Pictures appear among the records below and must be omitted. Repeat exactly the lines from the line with "STRŽEK Troglodytes troglodytes" to the line with "Knipvel Memory Dieren", both included.

:: Data for this exercise ::

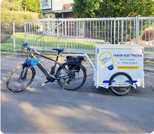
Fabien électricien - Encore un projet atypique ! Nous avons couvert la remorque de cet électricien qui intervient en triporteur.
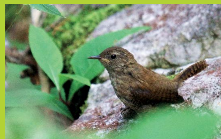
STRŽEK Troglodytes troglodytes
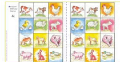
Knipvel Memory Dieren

:::
:: Data for this exercise ::

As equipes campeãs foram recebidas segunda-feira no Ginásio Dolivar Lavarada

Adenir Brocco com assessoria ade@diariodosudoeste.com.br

:::

## Solution to this task:
STRŽEK Troglodytes troglodytes
Knipvel Memory Dieren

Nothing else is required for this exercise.